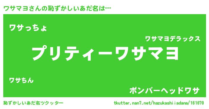 | ポケモン風あだ名 | 『ワサチュウ』『ワサマダネ』 |
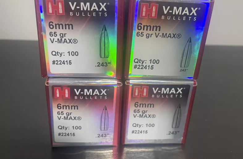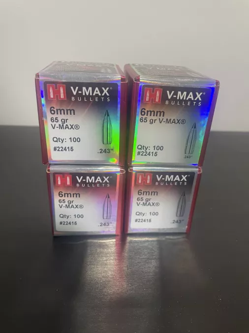 For sale. 4 unopened boxes of Hornady Vmax 65 grain bullets for .243. $60 each. Shipping extra. Prefer local sale.
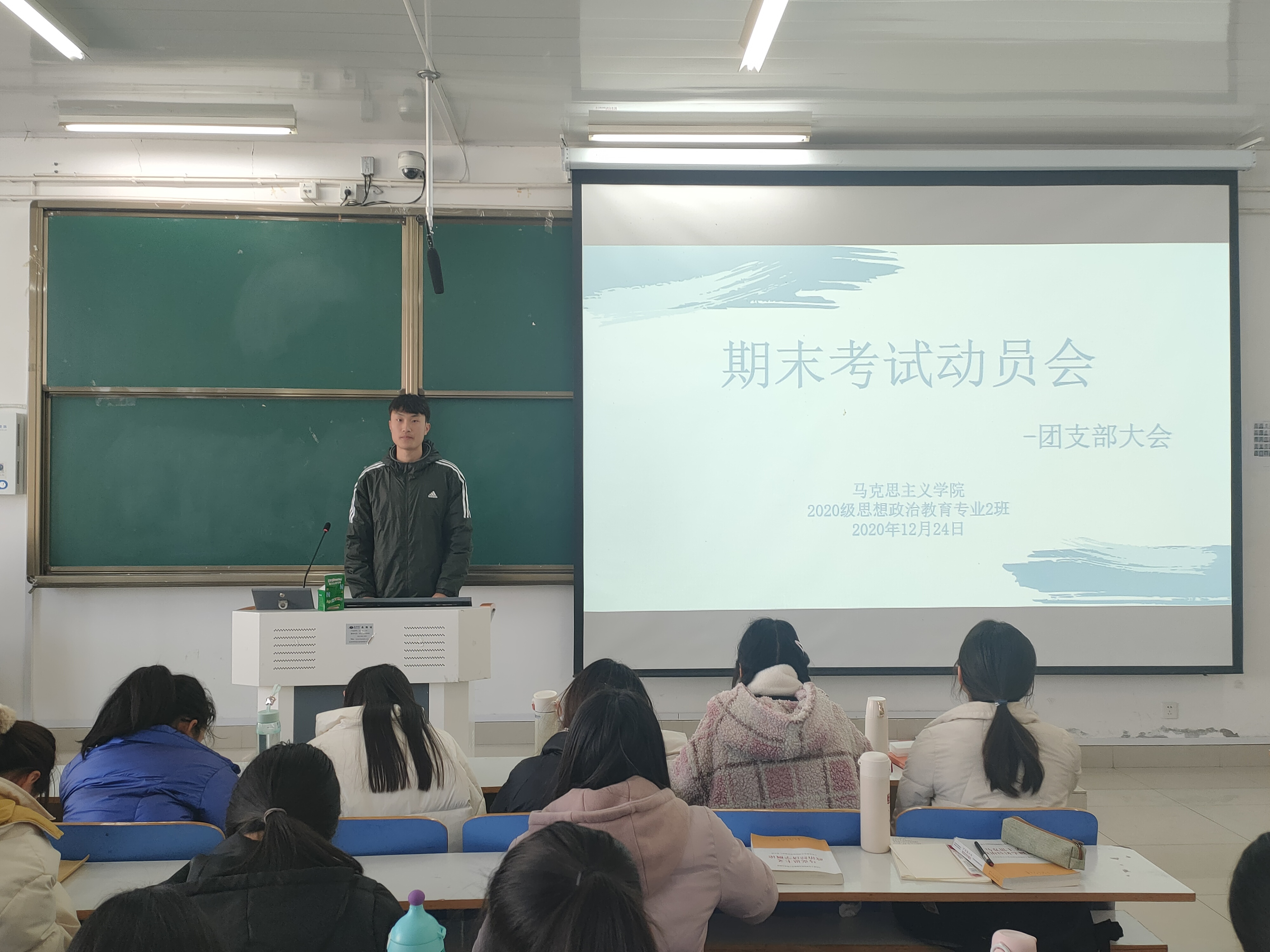 12月24日上午,beat365亚洲版官网2020级思想政治教育二班、(定向)二班在社科楼516教室顺利召开期末考试动员会。2020级思想政治教育二班、(定向)二班全体学生共同参与此次会议。会议由李晨曦、陈宇航主持。

◆ TASK TO COMPLETE ◆
Omit the images; transcribe the listing verbatim.

◆ RESPONSE FOR THIS EXERCISE ◆
 | ポケモン風あだ名 | 『ワサチュウ』『ワサマダネ』 |
 For sale. 4 unopened boxes of Hornady Vmax 65 grain bullets for .243. $60 each. Shipping extra. Prefer local sale.
 12月24日上午,beat365亚洲版官网2020级思想政治教育二班、(定向)二班在社科楼516教室顺利召开期末考试动员会。2020级思想政治教育二班、(定向)二班全体学生共同参与此次会议。会议由李晨曦、陈宇航主持。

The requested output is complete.